However, drilling fluid may be lost into the formation during drilling, resulting in what is commonly known as “lost circulation.” Lost circulation can be brought on by natural or induced causes. Natural causes include situations such as naturally fractured formations or unconsolidated zones. Induced losses occur when the hydrostatic pressure in the well exceeds the fracture gradient of the formation (the maximum pressure at which the formation breaks), and the formation pores break down enough to receive rather than resist the fluid.
Lost circulation is a major cause of lost time or non-productive time (NPT) during drilling and increases the cost of drilling to replace expensive drilling fluid lost into the formation. In addition to NPT and adding more cost to drilling, lost circulation leads to a quick drop of the mud column in the wellbore, which can be a starting point to various drilling problems such as kick and blowout, borehole collapse and/or pipe sticking, leading to side tracking or abandonment of a well.
The drilling industry has developed several techniques to fights losses, including, for example, the use of lost-circulation materials (LCM) to plug fractures, the use of chemicals, and the use of cement.
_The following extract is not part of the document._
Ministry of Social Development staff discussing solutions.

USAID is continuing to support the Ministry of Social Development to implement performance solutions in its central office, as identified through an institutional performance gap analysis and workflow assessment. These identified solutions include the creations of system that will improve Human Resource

However, one of the main reasons for failure of such methods is placement and activation. For example, chemicals and cement need time to activate and solidify. Conventional methods of sending chemicals or cement to plug a lost circulation zone include designing the fluid parameters to activate or solidify at the predicted time it takes for the chemicals or cement to reach the lost circulation zone. Some chemicals have reaction rates controlled by temperature (temperature-triggered reactions). However, activation may sometimes be off, and when activation or solidification happens at a time-scale longer than it takes for the chemicals or cement to reach the lost circulation zone, they may be lost inside the fractures away from the wellbore.
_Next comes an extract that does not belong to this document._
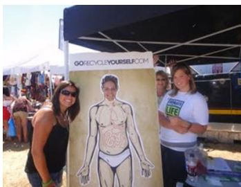
Students volunteering and having fun!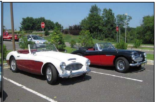
The line up of participating PEDC vehicles at Laurita Winery. Note the variety of British cars... yet the gold one in the background of the picture on the left doesn't look particularly British.

This summary is provided to introduce a selection of concepts that are further described below in the detailed description. This summary is not intended to identify key or essential features of the claimed subject matter, nor is it intended to be used as an aid in limiting the scope of the claimed subject matter.
In one aspect, embodiments of the present disclosure relate to downhole plug injection tools that include a base ring or seat fixed inside a bottom end of a tubular body, at least one flexible tie connected at one end to the base ring and at an opposite end to a tie upper attachment point inside an upper end of the tubular body, and a fabric strip connected to and extending between the base ring and a fabric upper attachment point inside the upper end of the tubular body, wherein the fabric strip is positioned radially between the flexible tie and the tubular body.
In another aspect, embodiments of the present disclosure relate to downhole plug injection tools that include a first sealing element removably attached to a bottom axial end of a tubular body, a second sealing element provided around the tubular body above the first sealing element, and a fabric strip connected to and extending between the first sealing element and the second sealing element, wherein the first sealing element and the tubular body are axially adjacent to each other and coaxially aligned.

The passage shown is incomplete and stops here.